The reply must consist of one number: how many lines of the data include the word "resource".

Recorded data
::::

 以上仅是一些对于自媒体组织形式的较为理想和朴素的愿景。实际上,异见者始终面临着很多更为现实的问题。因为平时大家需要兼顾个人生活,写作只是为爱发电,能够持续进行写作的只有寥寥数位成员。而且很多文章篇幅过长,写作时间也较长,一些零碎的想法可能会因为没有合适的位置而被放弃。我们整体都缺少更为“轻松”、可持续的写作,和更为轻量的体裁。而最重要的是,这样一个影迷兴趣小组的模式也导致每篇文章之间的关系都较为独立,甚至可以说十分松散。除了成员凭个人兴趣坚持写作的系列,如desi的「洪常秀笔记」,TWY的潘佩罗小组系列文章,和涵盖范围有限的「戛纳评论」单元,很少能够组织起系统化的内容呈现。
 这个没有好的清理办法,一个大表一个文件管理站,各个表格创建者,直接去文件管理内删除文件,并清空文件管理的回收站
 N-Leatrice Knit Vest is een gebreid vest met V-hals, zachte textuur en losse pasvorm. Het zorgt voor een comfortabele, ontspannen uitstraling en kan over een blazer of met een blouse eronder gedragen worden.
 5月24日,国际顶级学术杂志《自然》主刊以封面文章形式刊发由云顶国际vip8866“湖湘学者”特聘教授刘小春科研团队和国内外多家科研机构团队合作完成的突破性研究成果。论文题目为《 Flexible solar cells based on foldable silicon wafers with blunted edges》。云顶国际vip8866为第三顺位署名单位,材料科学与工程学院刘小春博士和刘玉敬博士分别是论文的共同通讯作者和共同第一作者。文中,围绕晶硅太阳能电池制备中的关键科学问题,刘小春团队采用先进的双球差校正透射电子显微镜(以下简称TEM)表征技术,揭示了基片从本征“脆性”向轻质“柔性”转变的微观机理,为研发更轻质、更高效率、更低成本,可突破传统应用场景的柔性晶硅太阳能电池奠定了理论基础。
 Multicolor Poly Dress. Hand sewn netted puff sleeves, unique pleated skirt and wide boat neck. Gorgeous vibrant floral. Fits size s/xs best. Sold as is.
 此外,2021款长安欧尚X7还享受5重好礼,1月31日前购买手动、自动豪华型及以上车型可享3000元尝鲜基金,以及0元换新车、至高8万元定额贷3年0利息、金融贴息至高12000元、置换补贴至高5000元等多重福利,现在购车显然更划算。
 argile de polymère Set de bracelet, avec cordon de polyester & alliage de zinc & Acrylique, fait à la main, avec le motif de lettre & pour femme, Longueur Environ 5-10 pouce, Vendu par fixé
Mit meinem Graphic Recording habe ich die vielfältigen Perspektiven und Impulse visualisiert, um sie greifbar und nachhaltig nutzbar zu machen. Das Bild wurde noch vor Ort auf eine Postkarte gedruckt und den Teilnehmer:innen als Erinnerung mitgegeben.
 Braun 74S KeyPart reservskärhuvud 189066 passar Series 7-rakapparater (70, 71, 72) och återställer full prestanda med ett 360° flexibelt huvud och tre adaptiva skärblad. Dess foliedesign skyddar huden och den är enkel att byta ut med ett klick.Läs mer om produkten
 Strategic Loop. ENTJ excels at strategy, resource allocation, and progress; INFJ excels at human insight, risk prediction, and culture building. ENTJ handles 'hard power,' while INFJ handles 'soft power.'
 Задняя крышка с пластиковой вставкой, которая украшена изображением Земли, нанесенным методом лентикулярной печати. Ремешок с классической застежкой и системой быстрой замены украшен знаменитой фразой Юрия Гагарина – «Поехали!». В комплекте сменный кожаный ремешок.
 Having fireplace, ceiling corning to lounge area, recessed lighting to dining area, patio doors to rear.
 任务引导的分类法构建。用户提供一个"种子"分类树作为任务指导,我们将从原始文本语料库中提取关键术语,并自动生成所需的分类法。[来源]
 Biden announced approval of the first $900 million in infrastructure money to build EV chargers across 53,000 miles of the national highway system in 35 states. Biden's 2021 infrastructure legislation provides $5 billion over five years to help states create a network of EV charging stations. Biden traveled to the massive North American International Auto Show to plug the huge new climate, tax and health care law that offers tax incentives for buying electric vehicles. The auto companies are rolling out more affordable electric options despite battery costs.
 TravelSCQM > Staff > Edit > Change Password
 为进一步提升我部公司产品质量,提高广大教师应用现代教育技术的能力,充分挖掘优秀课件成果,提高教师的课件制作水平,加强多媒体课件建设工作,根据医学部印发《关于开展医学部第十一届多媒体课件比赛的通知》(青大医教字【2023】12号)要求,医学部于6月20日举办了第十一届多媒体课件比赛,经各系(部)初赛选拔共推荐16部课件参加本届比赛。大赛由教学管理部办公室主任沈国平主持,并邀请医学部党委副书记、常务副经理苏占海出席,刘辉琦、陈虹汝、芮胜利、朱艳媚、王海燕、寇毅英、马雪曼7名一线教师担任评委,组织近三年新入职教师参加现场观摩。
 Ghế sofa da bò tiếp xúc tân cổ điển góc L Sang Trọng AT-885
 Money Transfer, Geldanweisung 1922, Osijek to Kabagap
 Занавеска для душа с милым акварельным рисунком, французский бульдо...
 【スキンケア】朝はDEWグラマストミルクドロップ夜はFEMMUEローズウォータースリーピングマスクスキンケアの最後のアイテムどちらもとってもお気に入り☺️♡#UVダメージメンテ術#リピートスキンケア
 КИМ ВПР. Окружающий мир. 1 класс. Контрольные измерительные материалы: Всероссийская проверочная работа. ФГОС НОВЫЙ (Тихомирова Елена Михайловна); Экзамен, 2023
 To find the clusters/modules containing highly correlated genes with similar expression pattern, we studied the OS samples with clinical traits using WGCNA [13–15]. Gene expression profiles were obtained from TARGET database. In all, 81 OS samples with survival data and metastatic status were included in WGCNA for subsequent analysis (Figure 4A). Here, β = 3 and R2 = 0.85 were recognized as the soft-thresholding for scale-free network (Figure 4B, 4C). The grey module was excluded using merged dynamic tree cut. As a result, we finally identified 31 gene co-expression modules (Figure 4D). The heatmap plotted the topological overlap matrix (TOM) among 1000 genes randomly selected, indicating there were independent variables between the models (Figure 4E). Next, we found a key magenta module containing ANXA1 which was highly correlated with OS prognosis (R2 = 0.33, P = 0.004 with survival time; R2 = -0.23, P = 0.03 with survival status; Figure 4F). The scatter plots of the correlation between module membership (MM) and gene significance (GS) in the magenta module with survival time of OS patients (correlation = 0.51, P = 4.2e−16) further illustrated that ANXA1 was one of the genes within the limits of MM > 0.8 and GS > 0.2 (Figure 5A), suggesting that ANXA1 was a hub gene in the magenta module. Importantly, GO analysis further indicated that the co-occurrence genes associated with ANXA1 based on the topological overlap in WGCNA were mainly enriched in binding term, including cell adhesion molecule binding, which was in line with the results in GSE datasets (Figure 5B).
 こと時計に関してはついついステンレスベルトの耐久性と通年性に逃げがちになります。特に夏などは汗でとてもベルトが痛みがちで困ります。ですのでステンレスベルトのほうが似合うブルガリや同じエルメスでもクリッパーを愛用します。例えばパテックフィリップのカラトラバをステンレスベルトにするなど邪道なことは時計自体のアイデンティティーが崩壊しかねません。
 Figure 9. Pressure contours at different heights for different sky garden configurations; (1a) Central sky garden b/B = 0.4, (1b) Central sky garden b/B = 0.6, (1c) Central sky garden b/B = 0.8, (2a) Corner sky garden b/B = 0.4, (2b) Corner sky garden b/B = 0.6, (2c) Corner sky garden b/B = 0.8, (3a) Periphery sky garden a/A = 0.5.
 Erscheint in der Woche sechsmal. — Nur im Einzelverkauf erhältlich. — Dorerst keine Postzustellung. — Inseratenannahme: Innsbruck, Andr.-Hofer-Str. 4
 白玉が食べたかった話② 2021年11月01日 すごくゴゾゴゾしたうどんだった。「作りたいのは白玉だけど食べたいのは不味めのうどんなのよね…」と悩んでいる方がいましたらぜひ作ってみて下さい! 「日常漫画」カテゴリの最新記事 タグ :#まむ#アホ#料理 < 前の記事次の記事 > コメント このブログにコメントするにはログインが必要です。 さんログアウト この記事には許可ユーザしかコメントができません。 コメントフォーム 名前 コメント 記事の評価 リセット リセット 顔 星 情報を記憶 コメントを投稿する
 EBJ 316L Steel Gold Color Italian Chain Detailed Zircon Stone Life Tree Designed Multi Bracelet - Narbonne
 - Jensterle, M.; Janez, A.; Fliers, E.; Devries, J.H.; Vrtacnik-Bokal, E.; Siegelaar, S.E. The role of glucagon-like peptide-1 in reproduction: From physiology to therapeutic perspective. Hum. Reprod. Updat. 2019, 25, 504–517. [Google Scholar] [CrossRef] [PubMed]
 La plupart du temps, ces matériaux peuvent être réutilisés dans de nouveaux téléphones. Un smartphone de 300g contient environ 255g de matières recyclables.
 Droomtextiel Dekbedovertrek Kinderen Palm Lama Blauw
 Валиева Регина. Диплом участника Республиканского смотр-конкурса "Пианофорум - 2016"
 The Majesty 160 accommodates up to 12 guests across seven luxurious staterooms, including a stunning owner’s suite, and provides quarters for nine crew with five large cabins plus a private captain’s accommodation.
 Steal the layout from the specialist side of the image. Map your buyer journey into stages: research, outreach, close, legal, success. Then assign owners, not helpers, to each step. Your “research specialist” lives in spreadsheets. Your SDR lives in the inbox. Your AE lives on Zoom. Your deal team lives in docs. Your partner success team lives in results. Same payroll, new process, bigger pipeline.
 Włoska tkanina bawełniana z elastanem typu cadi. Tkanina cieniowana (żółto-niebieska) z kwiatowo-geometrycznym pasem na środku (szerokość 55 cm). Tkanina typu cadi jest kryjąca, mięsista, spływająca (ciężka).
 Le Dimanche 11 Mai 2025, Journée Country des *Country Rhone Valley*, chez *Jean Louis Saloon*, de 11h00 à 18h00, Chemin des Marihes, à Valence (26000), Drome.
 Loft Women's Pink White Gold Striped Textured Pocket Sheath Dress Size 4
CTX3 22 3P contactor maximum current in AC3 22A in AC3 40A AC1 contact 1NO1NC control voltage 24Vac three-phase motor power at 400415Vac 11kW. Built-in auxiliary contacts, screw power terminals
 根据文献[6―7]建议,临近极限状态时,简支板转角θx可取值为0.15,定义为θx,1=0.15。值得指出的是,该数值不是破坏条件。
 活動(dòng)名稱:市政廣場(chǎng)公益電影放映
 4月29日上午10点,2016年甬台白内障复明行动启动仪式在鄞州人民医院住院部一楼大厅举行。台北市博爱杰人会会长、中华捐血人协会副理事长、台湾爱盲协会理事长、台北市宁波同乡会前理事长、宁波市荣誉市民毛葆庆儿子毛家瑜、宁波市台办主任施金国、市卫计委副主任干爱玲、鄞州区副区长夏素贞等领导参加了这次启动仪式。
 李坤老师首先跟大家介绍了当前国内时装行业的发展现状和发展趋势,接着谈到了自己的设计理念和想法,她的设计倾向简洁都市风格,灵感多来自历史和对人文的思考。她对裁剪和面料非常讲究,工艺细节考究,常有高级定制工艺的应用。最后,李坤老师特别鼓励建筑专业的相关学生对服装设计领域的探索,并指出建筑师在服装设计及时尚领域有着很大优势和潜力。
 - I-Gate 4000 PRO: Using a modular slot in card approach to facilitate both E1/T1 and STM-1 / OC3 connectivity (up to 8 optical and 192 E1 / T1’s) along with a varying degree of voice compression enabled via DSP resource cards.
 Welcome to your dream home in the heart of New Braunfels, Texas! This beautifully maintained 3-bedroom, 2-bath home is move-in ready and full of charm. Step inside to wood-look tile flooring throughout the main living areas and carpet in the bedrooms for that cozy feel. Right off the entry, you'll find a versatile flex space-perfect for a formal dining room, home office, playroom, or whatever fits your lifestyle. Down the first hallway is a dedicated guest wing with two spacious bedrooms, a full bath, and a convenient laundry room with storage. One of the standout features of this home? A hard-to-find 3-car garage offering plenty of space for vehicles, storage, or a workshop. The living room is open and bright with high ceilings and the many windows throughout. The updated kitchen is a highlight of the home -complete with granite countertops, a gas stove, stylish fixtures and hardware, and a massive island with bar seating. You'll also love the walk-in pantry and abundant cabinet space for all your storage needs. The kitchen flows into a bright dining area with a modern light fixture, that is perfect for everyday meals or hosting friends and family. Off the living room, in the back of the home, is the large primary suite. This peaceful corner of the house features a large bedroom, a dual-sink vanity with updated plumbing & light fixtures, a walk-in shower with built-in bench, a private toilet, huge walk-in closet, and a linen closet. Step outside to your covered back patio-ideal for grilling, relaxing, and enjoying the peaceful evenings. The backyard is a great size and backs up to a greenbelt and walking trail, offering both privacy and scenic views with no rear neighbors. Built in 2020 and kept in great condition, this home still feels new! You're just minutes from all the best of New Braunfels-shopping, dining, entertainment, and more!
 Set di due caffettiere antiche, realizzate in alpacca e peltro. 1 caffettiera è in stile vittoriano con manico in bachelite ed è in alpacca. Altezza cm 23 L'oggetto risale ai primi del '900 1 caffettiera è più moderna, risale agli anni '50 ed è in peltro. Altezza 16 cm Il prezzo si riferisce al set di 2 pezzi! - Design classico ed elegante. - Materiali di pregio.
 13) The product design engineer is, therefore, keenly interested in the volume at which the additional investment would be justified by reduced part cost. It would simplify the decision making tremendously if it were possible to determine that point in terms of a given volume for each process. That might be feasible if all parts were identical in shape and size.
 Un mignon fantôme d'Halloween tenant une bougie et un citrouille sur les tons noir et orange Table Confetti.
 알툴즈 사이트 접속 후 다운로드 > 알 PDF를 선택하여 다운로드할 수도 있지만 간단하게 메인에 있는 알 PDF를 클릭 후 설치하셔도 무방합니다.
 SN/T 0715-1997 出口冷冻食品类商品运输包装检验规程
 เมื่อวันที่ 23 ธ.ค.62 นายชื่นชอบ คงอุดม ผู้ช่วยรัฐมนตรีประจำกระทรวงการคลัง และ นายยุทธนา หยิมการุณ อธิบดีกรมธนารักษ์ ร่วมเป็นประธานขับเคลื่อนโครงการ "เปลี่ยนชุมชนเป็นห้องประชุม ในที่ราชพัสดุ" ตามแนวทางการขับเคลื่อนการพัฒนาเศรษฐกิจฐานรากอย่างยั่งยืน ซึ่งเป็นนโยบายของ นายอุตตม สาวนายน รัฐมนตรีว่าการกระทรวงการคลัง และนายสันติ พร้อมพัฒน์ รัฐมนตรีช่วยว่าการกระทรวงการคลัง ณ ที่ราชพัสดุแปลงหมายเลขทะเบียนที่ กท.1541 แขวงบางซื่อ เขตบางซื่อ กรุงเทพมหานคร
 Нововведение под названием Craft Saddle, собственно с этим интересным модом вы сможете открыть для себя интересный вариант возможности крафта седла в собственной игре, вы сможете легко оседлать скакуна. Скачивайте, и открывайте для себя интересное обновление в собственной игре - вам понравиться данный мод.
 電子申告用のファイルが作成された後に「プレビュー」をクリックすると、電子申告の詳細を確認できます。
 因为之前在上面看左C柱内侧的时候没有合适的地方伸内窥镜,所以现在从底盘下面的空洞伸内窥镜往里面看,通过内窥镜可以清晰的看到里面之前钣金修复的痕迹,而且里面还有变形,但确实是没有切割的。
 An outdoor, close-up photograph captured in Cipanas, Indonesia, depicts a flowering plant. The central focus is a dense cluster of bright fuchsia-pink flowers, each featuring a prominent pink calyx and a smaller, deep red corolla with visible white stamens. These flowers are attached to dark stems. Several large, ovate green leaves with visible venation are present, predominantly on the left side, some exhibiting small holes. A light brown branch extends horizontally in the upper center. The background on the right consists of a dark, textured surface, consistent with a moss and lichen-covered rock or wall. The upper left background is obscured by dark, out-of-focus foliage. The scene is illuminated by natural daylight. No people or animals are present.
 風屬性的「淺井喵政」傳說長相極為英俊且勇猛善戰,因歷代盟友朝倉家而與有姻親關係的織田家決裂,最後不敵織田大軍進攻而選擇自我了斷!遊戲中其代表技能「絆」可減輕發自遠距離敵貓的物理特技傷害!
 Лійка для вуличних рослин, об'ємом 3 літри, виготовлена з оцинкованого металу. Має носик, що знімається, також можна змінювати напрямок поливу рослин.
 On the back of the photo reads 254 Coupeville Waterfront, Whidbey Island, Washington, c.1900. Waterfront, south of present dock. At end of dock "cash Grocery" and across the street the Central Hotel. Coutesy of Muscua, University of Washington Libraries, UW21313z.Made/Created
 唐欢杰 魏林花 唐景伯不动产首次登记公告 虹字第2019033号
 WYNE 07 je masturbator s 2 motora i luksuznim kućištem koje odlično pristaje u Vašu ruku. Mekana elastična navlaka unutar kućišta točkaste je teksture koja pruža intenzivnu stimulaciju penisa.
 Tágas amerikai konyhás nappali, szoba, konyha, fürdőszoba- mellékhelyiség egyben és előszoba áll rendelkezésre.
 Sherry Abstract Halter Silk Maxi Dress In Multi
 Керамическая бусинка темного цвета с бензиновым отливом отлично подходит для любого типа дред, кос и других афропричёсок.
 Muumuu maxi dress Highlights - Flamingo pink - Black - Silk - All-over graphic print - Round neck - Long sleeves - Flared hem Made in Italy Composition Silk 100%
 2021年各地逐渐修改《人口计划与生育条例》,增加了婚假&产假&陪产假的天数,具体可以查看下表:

::::

The completed task
2